[Opening EXERCISE DATA section]

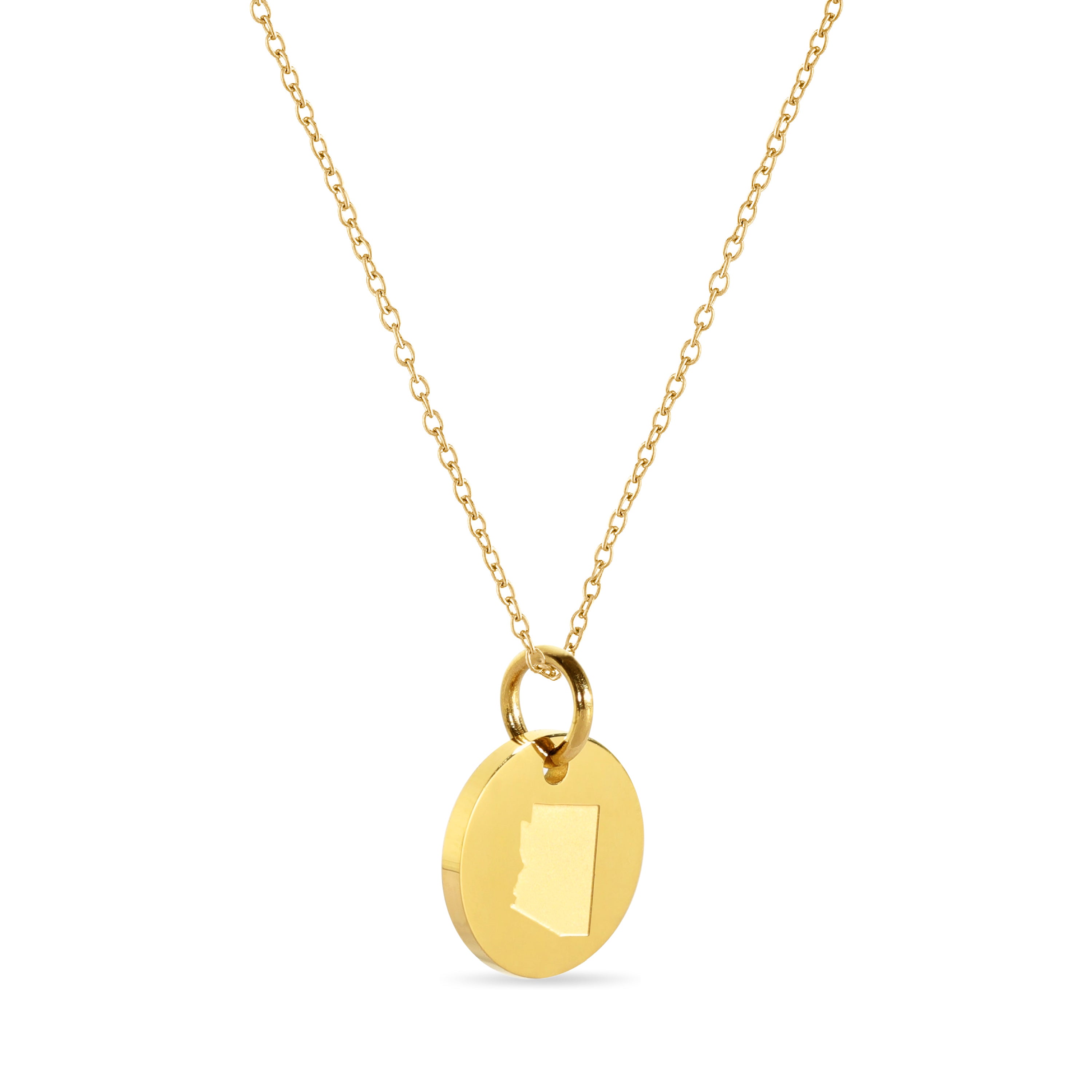 Arizona Map Engraved Charm Necklace - 18K Gold Plate
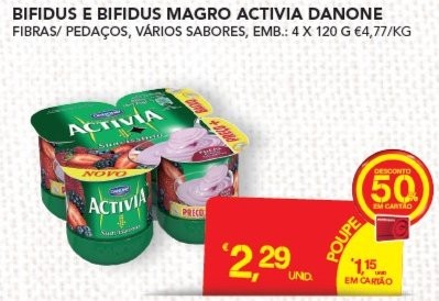 2,29€ - 1,15€ ( 50% cartão ) - 0,45€ ( Vale danone ) = 0,69€,
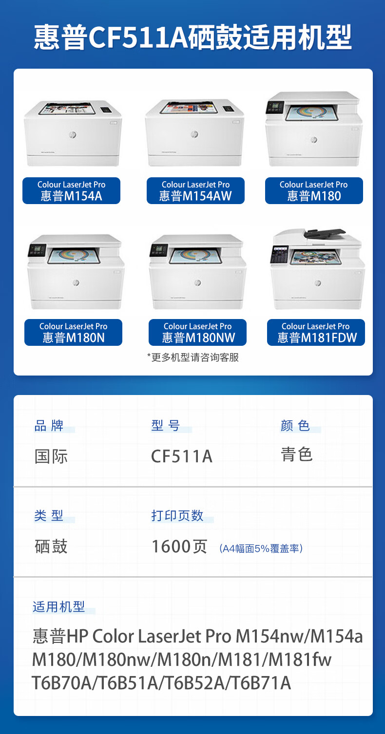 国际 CF511A 硒鼓 适用惠普204a硒鼓m154a硒鼓m180n m181fw打印机墨盒m154nw【易加粉带芯片】CF511A 蓝色硒鼓

[Closing EXERCISE DATA section]

=== WORK ITEM ===
Copy exactly, please, the lines that run from the line holding "2,29€ - 1,15€" through the closing line of the material above, omitting every picture.

=== RESULT FOR THIS EXERCISE ===
 2,29€ - 1,15€ ( 50% cartão ) - 0,45€ ( Vale danone ) = 0,69€,
 国际 CF511A 硒鼓 适用惠普204a硒鼓m154a硒鼓m180n m181fw打印机墨盒m154nw【易加粉带芯片】CF511A 蓝色硒鼓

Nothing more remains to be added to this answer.